▶ Task directions
Exactly repeat all the records below, omitting the images they hold.

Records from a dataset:
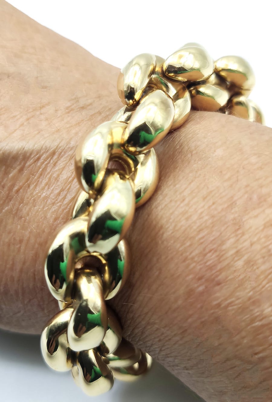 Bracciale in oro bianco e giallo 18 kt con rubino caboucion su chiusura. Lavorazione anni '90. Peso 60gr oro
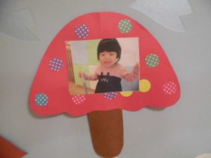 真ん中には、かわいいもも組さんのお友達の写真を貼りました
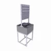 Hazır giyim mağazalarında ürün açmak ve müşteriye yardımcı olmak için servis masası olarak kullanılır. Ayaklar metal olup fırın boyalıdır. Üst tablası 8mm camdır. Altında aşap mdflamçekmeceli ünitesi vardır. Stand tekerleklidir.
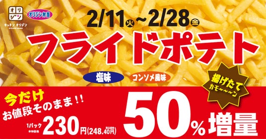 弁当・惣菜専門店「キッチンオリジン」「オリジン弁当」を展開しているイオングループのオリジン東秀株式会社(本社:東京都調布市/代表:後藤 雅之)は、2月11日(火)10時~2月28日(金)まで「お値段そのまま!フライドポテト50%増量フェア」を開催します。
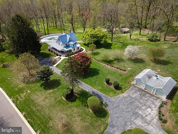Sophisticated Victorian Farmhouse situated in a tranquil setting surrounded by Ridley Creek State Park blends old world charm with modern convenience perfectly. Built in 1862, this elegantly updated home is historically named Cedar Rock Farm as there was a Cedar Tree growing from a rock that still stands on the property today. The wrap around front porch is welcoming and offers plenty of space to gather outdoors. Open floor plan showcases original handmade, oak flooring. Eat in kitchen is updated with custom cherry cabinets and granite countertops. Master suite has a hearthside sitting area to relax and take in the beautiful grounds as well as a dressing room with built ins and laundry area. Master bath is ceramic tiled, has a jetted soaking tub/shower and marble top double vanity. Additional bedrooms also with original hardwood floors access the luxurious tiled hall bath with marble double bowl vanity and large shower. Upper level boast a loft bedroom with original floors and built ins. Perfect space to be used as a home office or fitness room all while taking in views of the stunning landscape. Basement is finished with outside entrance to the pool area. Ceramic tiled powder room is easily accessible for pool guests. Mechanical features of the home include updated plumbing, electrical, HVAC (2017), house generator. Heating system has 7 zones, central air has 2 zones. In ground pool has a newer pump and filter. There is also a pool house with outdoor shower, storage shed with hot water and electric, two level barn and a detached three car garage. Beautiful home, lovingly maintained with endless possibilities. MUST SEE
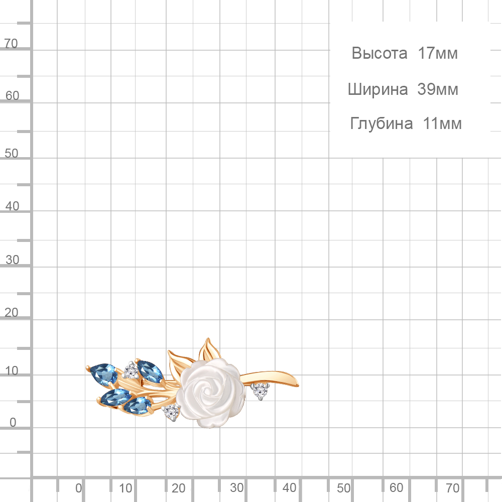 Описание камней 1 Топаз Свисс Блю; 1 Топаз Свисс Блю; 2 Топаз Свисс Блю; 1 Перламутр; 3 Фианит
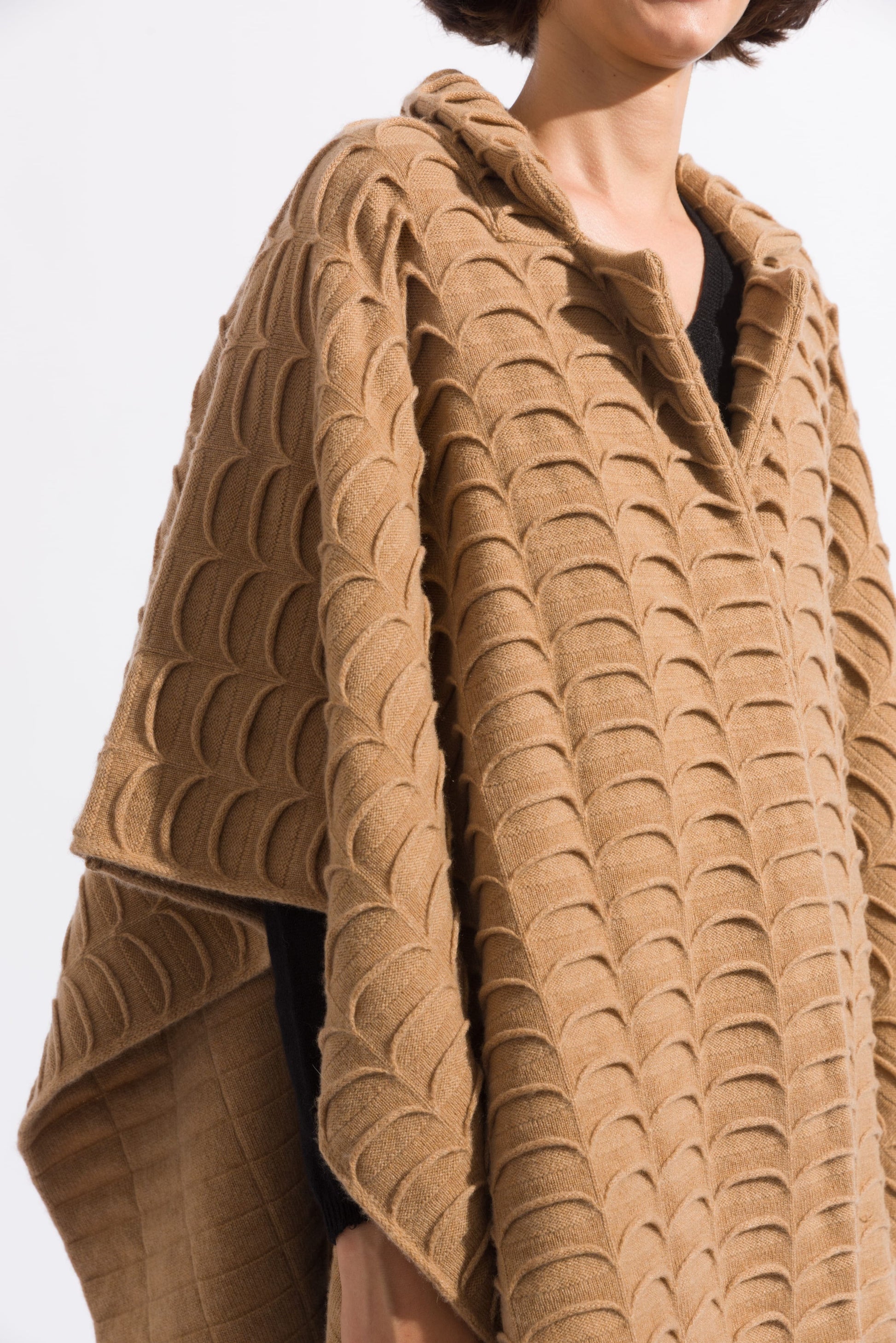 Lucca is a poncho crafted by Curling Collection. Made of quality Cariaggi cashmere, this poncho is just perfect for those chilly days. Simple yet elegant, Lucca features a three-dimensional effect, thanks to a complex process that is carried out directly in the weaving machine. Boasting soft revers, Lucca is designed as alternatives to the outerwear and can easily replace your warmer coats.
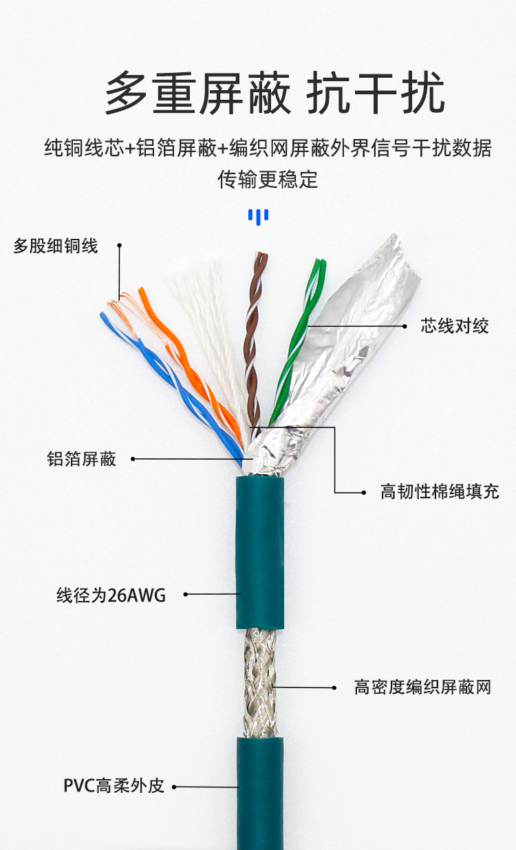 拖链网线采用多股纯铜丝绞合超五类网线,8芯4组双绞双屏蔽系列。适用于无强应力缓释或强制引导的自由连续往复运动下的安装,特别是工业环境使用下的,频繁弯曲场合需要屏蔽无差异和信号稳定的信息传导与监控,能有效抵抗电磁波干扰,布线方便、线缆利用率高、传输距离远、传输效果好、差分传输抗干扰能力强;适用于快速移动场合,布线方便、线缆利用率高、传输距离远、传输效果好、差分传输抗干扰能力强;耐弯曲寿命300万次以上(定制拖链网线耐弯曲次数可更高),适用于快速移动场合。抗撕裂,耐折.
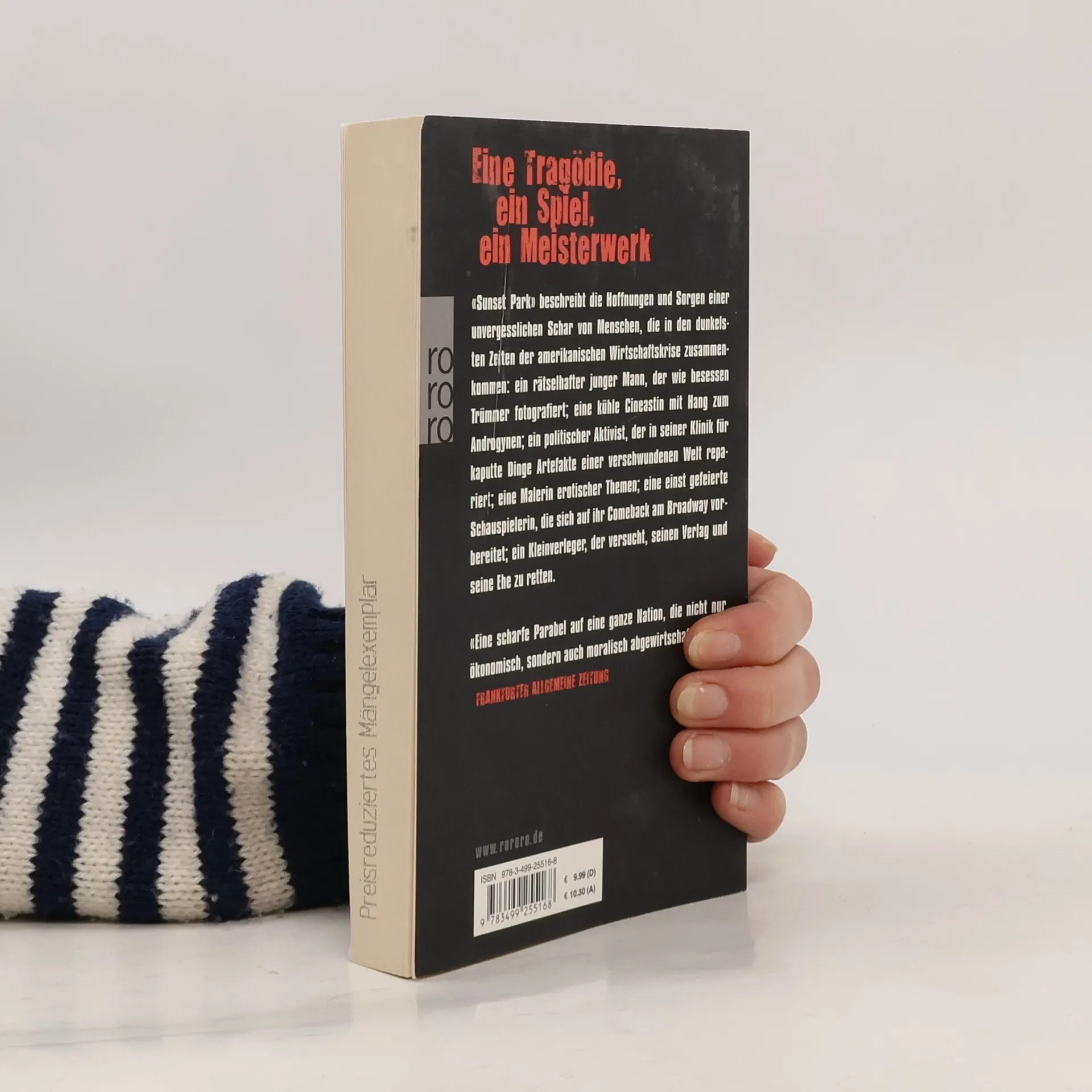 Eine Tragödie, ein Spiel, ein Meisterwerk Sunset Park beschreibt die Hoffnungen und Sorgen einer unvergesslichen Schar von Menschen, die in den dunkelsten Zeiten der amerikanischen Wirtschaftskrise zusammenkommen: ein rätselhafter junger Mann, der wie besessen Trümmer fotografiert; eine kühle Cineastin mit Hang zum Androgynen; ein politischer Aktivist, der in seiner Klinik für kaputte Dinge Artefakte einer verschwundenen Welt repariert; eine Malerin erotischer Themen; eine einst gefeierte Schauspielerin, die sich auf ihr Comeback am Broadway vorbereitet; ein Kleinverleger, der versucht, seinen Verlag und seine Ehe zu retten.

▶ Result
 Bracciale in oro bianco e giallo 18 kt con rubino caboucion su chiusura. Lavorazione anni '90. Peso 60gr oro
 真ん中には、かわいいもも組さんのお友達の写真を貼りました
 Hazır giyim mağazalarında ürün açmak ve müşteriye yardımcı olmak için servis masası olarak kullanılır. Ayaklar metal olup fırın boyalıdır. Üst tablası 8mm camdır. Altında aşap mdflamçekmeceli ünitesi vardır. Stand tekerleklidir.
 弁当・惣菜専門店「キッチンオリジン」「オリジン弁当」を展開しているイオングループのオリジン東秀株式会社(本社:東京都調布市/代表:後藤 雅之)は、2月11日(火)10時~2月28日(金)まで「お値段そのまま!フライドポテト50%増量フェア」を開催します。
Sophisticated Victorian Farmhouse situated in a tranquil setting surrounded by Ridley Creek State Park blends old world charm with modern convenience perfectly. Built in 1862, this elegantly updated home is historically named Cedar Rock Farm as there was a Cedar Tree growing from a rock that still stands on the property today. The wrap around front porch is welcoming and offers plenty of space to gather outdoors. Open floor plan showcases original handmade, oak flooring. Eat in kitchen is updated with custom cherry cabinets and granite countertops. Master suite has a hearthside sitting area to relax and take in the beautiful grounds as well as a dressing room with built ins and laundry area. Master bath is ceramic tiled, has a jetted soaking tub/shower and marble top double vanity. Additional bedrooms also with original hardwood floors access the luxurious tiled hall bath with marble double bowl vanity and large shower. Upper level boast a loft bedroom with original floors and built ins. Perfect space to be used as a home office or fitness room all while taking in views of the stunning landscape. Basement is finished with outside entrance to the pool area. Ceramic tiled powder room is easily accessible for pool guests. Mechanical features of the home include updated plumbing, electrical, HVAC (2017), house generator. Heating system has 7 zones, central air has 2 zones. In ground pool has a newer pump and filter. There is also a pool house with outdoor shower, storage shed with hot water and electric, two level barn and a detached three car garage. Beautiful home, lovingly maintained with endless possibilities. MUST SEE
 Описание камней 1 Топаз Свисс Блю; 1 Топаз Свисс Блю; 2 Топаз Свисс Блю; 1 Перламутр; 3 Фианит
 Lucca is a poncho crafted by Curling Collection. Made of quality Cariaggi cashmere, this poncho is just perfect for those chilly days. Simple yet elegant, Lucca features a three-dimensional effect, thanks to a complex process that is carried out directly in the weaving machine. Boasting soft revers, Lucca is designed as alternatives to the outerwear and can easily replace your warmer coats.
 拖链网线采用多股纯铜丝绞合超五类网线,8芯4组双绞双屏蔽系列。适用于无强应力缓释或强制引导的自由连续往复运动下的安装,特别是工业环境使用下的,频繁弯曲场合需要屏蔽无差异和信号稳定的信息传导与监控,能有效抵抗电磁波干扰,布线方便、线缆利用率高、传输距离远、传输效果好、差分传输抗干扰能力强;适用于快速移动场合,布线方便、线缆利用率高、传输距离远、传输效果好、差分传输抗干扰能力强;耐弯曲寿命300万次以上(定制拖链网线耐弯曲次数可更高),适用于快速移动场合。抗撕裂,耐折.
 Eine Tragödie, ein Spiel, ein Meisterwerk Sunset Park beschreibt die Hoffnungen und Sorgen einer unvergesslichen Schar von Menschen, die in den dunkelsten Zeiten der amerikanischen Wirtschaftskrise zusammenkommen: ein rätselhafter junger Mann, der wie besessen Trümmer fotografiert; eine kühle Cineastin mit Hang zum Androgynen; ein politischer Aktivist, der in seiner Klinik für kaputte Dinge Artefakte einer verschwundenen Welt repariert; eine Malerin erotischer Themen; eine einst gefeierte Schauspielerin, die sich auf ihr Comeback am Broadway vorbereitet; ein Kleinverleger, der versucht, seinen Verlag und seine Ehe zu retten.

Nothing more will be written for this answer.